Network Snapshot and Token Deployment
To ensure a fair transition, a network snapshot was taken of blocks not effected by the attack. This snapshot will assist in the deployment of tokens to those who honestly minted before the attack. We are committed to ensuring that all honest participants in our network are recognized and rewarded appropriately.
We believe that this transition to Proof of Stake will not only help us recover from the current attack but also strengthen our network against future threats. We appreciate your support and understanding during this transition.
Legal Actions and Documentation
We understand the severity of this situation and are taking all necessary legal actions. Due to the significant time and monetary expense lost as a result of this attack, we have notified both local and federal authorities. We are committed to pursuing all available legal avenues to address this situation.
In addition, we have been meticulously documenting every aspect of this attack. This includes all communication, or lack thereof, with our partners, community members, team, hosting providers, and those services that handle our cloud infrastructure. We believe that maintaining comprehensive records of these events will be crucial in any future legal proceedings and in preventing such incidents in the future.

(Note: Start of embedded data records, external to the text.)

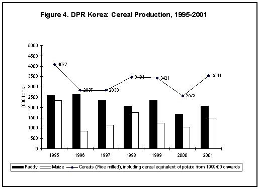 The industrial sector is in a precarious state, with obsolete machinery and suffering from critical shortages of spare parts and raw materials, while the agricultural sector is plagued by shortages of inputs compounded by adverse weather conditions. Following an improvement in 1998/99 (although still below 1995/96 production) after a continuous decline over the previous several years, cereal production dipped sharply in 2000, generating a massive food gap (import requirement) of over 2 million tonnes. Estimates show that there has been a recovery in 2001 to about the 1998/99 level; the severe 2001 spring drought has been a cause preventing a better harvest. In fact, the government and the cooperative/state farms mounted extraordinary efforts this year to improve food production. The government budget for the agricultural sector, reportedly increased this year by 10 percent compared to last year, translated in increased supplies of agricultural inputs in a timely manner. Substantial international assistance with the supply of fertilizers was provided. These factors obviously have been helpful in substantially circumventing the adverse impacts of the spring drought and resulting in a significant recovery in cereal production in 2001.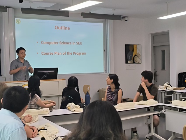 典礼上,任课教师团队逐一进行自我介绍,并与法国学生展开亲切交流。金嘉晖副院长向远道而来的学子们详细介绍了金牌影院 计算机学院的发展历程、学科优势及国际化办学特色,并重点解读了秋季学期的课程安排。据悉,本学期的教学计划由计算机学院青年骨干教师与海外教育学院汉学专家联合打造,涵盖6门计算机领域前沿课程及1门汉语言文化课程,旨在通过“专业+文化”双轨并行的教学模式,助力学生全面提升学术能力与文化素养。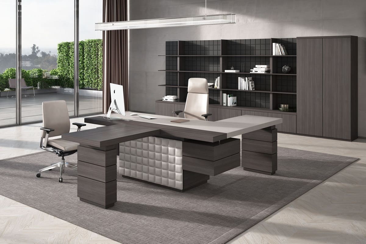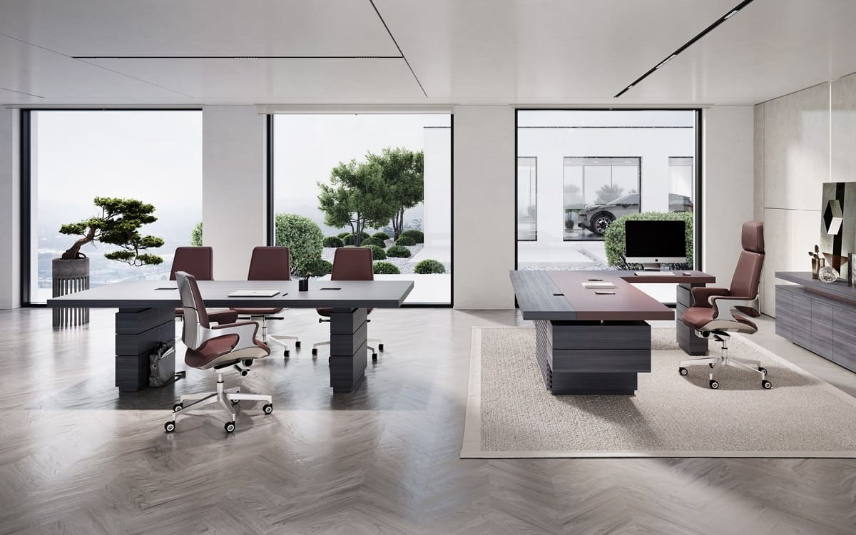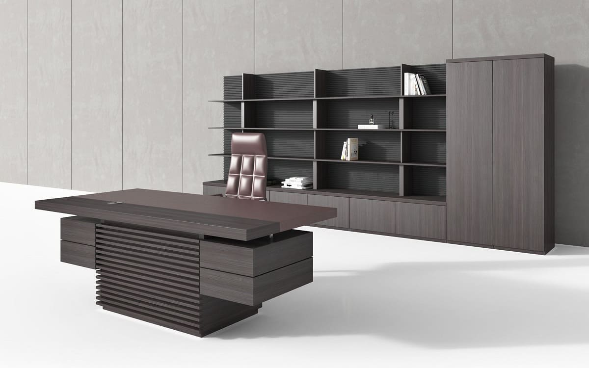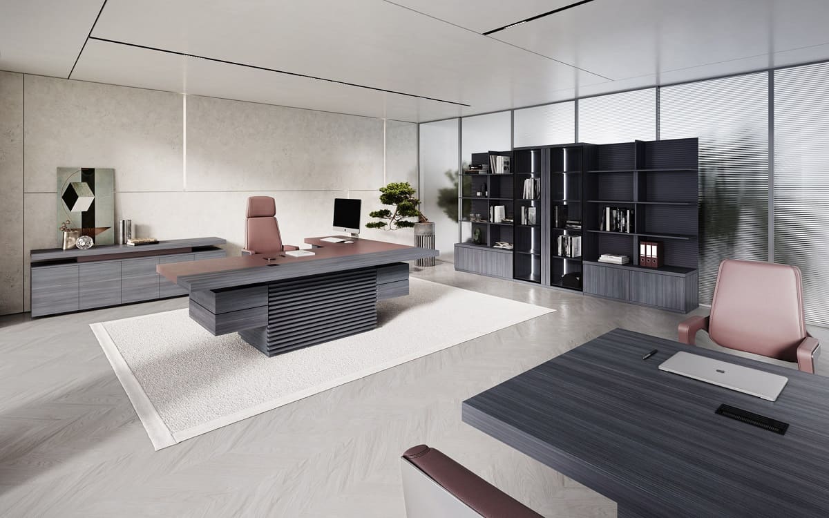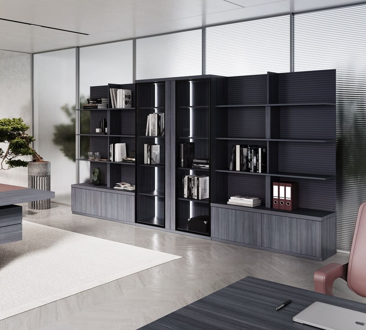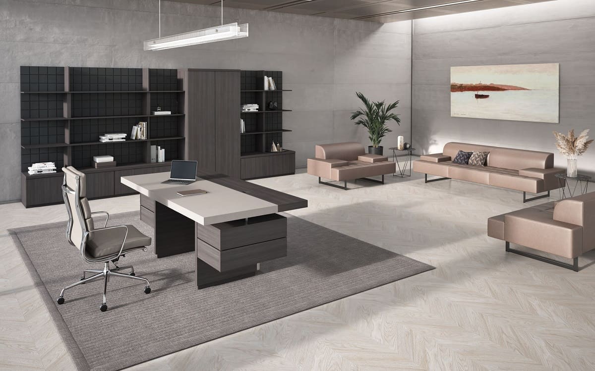 Кабинет руководителя «Интеграл» - это воплощение современной респектабельности и уверенного лидерства. Строгая геометрия форм, благородные древесные оттенки и эффектные фактуры создают атмосферу статуса и продуманной эстетики. Просторный рабочий стол с массивными опорами и выразительной декоративной панелью притягивает внимание и подчеркивает высокий ранг владельца, формируя мощный визуальный акцент в интерьере. Функциональность кабинета продумана до мелочей: удобная система хранения, вместительные шкафы и открытые полки позволяют организовать пространство так, чтобы все необходимое всегда было под рукой, сохраняя безупречный порядок. Широкая столешница обеспечивает комфортную работу и проведение встреч любого уровня, а гармоничное сочетание светлых и темных элементов добавляет интерьеру глубину и характер. «Интеграл» - это не просто мебель, а инструмент имиджа, который подчеркивает стратегическое мышление, уверенность и высокий уровень компании. Идеальное решение для руководителей, которые ценят стиль, комфорт и безупречную деловую атмосферу.

We are taking several steps to minimize costs during this process:
- Efficient Legal Representation: We are working with legal professionals who are experienced in dealing with such incidents. Their expertise allows us to navigate the legal process more efficiently, reducing unnecessary expenses.

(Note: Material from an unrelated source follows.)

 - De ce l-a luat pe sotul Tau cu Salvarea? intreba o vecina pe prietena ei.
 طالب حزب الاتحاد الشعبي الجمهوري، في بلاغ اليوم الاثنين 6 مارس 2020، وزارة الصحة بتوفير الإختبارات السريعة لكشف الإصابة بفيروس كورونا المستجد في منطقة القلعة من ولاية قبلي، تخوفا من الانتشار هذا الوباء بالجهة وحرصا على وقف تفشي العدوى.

- Proactive Investigation: By conducting a thorough and proactive investigation, we aim to gather substantial evidence quickly, reducing the need for prolonged and costly investigations.
- Negotiation and Mediation: Where possible, we are exploring negotiation and mediation as alternatives to court proceedings. These methods can often lead to faster, less expensive resolutions.

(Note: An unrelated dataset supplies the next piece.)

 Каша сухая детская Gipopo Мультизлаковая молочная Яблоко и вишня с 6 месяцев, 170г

- Community Support: We are leveraging the support of our community in various ways, such as gathering information and raising funds, which can help reduce costs.
- Preventive Measures: We are investing in robust security measures to prevent future attacks. While this involves an upfront cost, it will save us from potential expenses related to future attacks.
The Attacker
We have identified that the attacker used Vultr Cloud Services to orchestrate the attack. Unfortunately, Vultr has been unhelpful in resolving the issue and dropping the attacker from their services.
In addition to the time attack on our network, the attacker has also been attempting a Denial of Service (DoS) attack against our website. This attack has been occurring almost like clockwork, nightly at 11:30 PM Mountain Standard Time.
A Denial of Service attack is a malicious attempt to disrupt the normal functioning of a network, service, or website by overwhelming it with a flood of internet traffic. In our case, the attacker has been trying to make our website unavailable to our community by inundating it with traffic at a specific time each night.
However, we want to assure you that we have been successful in mitigating this attack nightly since the beginning of this incident. Our team has been working tirelessly to ensure the availability and integrity of our website and services. We have implemented robust security measures to prevent such attacks and will continue to monitor and improve our systems to protect against future threats.
Final Words
We understand the inconvenience this may cause and appreciate your patience as we work to resolve this issue. We are committed to maintaining the integrity of the D20 Network and will continue to take every necessary step to prevent such attacks in the future.